*** SOURCE RECORDS Section Begins ***

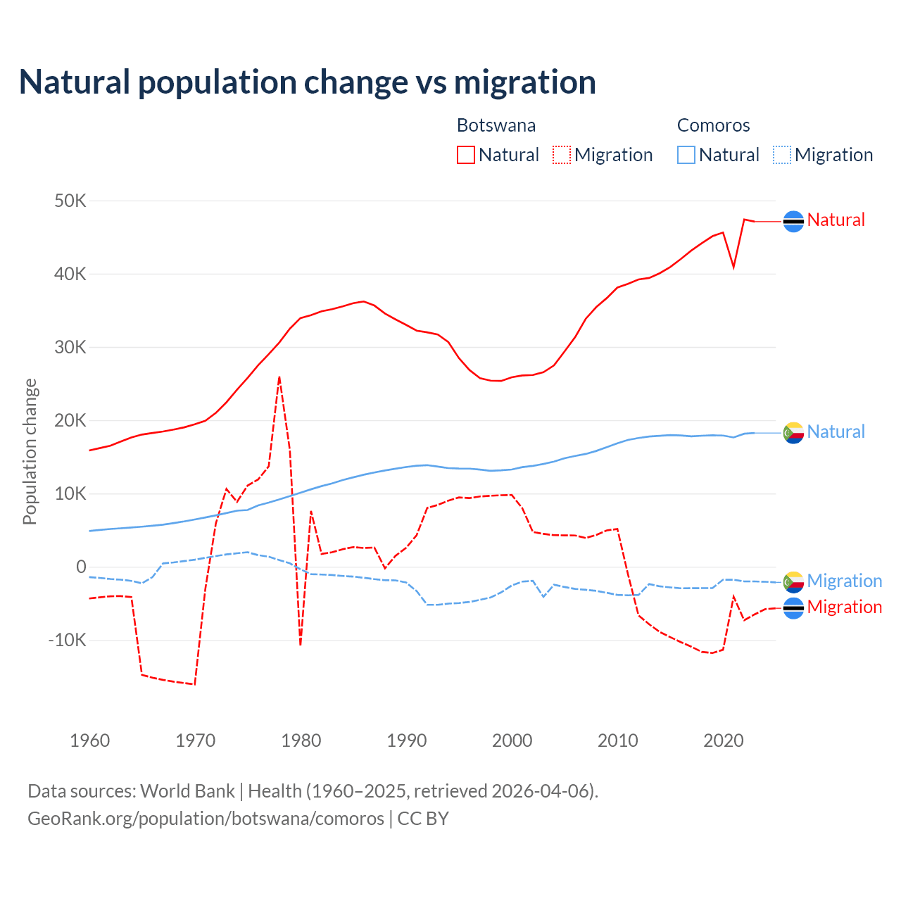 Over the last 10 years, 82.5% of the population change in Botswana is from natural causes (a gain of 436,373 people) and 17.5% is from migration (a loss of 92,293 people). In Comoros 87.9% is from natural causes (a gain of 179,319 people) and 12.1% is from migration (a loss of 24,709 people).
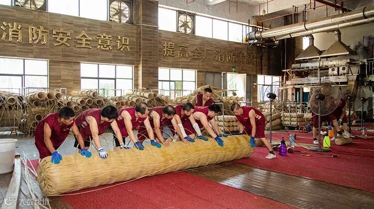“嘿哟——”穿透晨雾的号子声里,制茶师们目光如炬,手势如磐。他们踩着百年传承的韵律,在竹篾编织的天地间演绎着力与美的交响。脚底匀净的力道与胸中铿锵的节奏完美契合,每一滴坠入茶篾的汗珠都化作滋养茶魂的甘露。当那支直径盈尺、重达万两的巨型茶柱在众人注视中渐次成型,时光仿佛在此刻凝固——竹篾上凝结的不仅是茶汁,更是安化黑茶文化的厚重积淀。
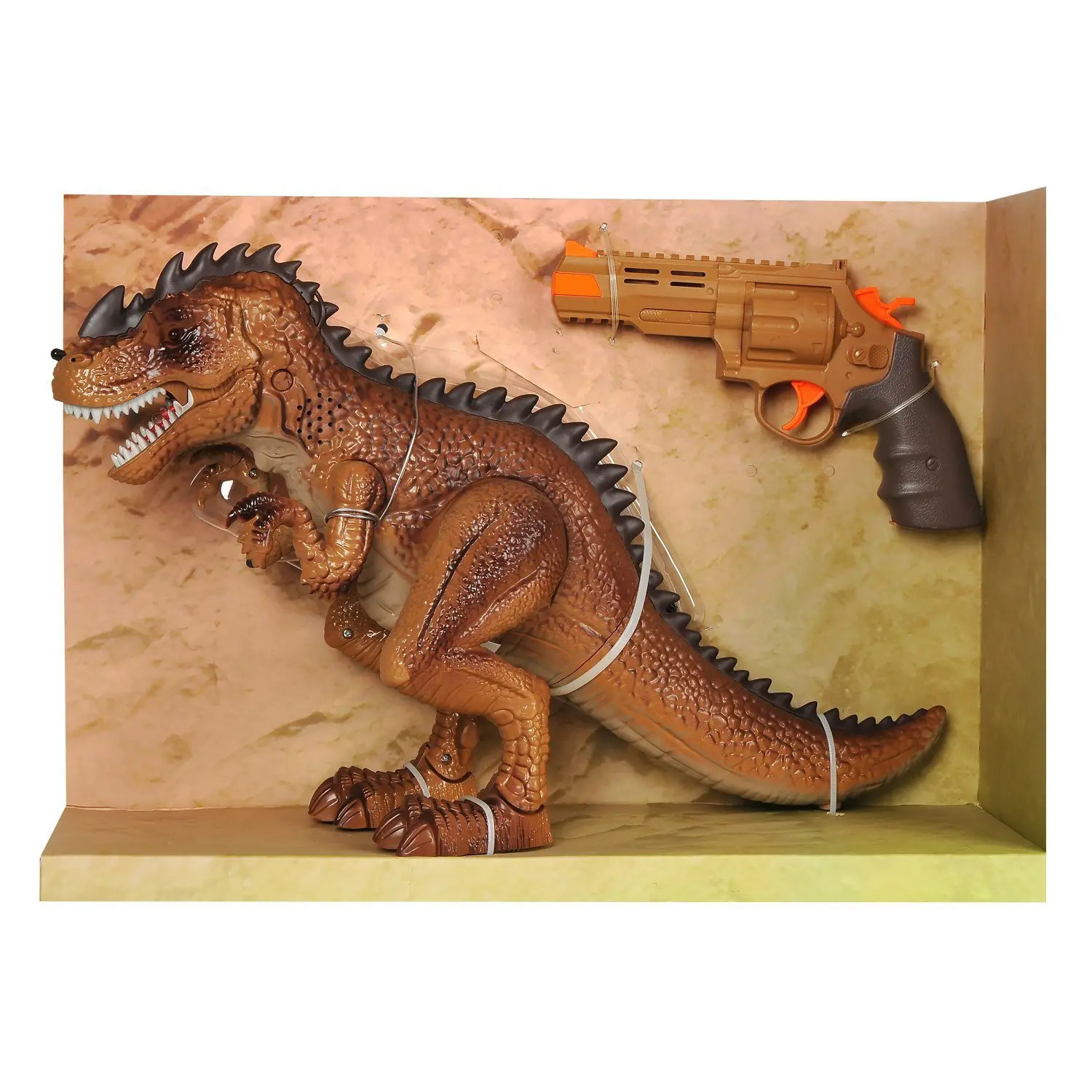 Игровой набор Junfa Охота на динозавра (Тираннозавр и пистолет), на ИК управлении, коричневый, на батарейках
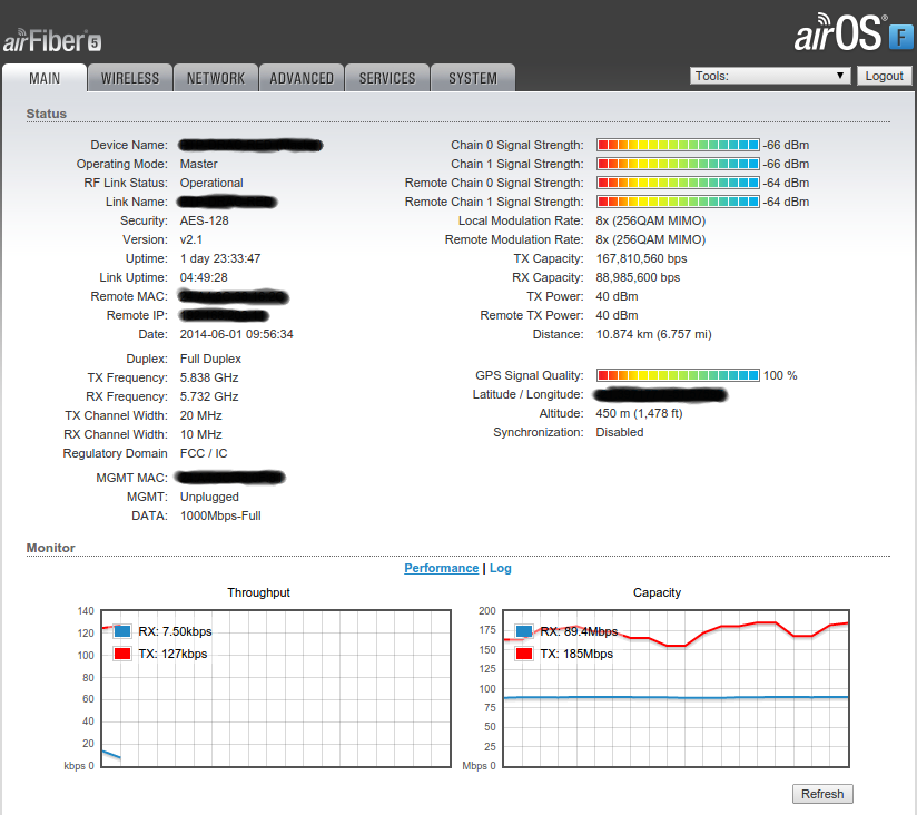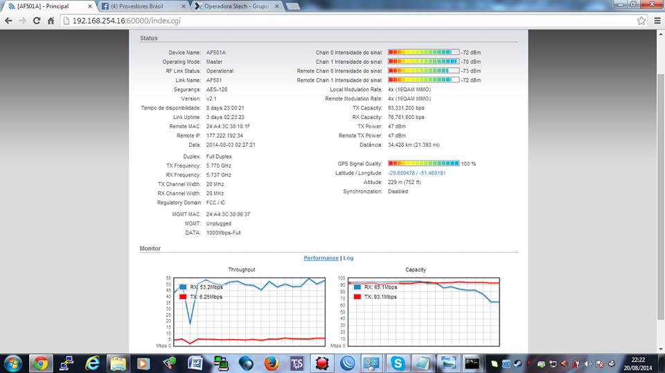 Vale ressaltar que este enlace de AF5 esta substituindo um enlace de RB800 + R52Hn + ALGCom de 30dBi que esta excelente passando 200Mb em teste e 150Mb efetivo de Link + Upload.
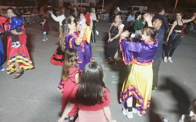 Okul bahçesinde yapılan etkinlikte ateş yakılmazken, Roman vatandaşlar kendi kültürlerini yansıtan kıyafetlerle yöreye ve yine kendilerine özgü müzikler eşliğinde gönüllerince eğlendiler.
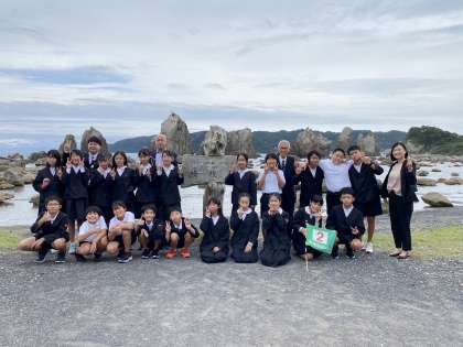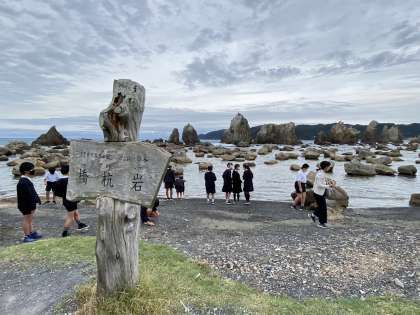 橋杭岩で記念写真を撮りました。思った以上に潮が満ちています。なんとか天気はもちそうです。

*** SOURCE RECORDS Section Ends ***

■ INSTRUCTIONS FOR THE TASK
Set the data above down again exactly as given, with no pictures.

■ SOLVED PROBLEM
 Over the last 10 years, 82.5% of the population change in Botswana is from natural causes (a gain of 436,373 people) and 17.5% is from migration (a loss of 92,293 people). In Comoros 87.9% is from natural causes (a gain of 179,319 people) and 12.1% is from migration (a loss of 24,709 people).
“嘿哟——”穿透晨雾的号子声里,制茶师们目光如炬,手势如磐。他们踩着百年传承的韵律,在竹篾编织的天地间演绎着力与美的交响。脚底匀净的力道与胸中铿锵的节奏完美契合,每一滴坠入茶篾的汗珠都化作滋养茶魂的甘露。当那支直径盈尺、重达万两的巨型茶柱在众人注视中渐次成型,时光仿佛在此刻凝固——竹篾上凝结的不仅是茶汁,更是安化黑茶文化的厚重积淀。
 Игровой набор Junfa Охота на динозавра (Тираннозавр и пистолет), на ИК управлении, коричневый, на батарейках
 Vale ressaltar que este enlace de AF5 esta substituindo um enlace de RB800 + R52Hn + ALGCom de 30dBi que esta excelente passando 200Mb em teste e 150Mb efetivo de Link + Upload.
 Okul bahçesinde yapılan etkinlikte ateş yakılmazken, Roman vatandaşlar kendi kültürlerini yansıtan kıyafetlerle yöreye ve yine kendilerine özgü müzikler eşliğinde gönüllerince eğlendiler.
 橋杭岩で記念写真を撮りました。思った以上に潮が満ちています。なんとか天気はもちそうです。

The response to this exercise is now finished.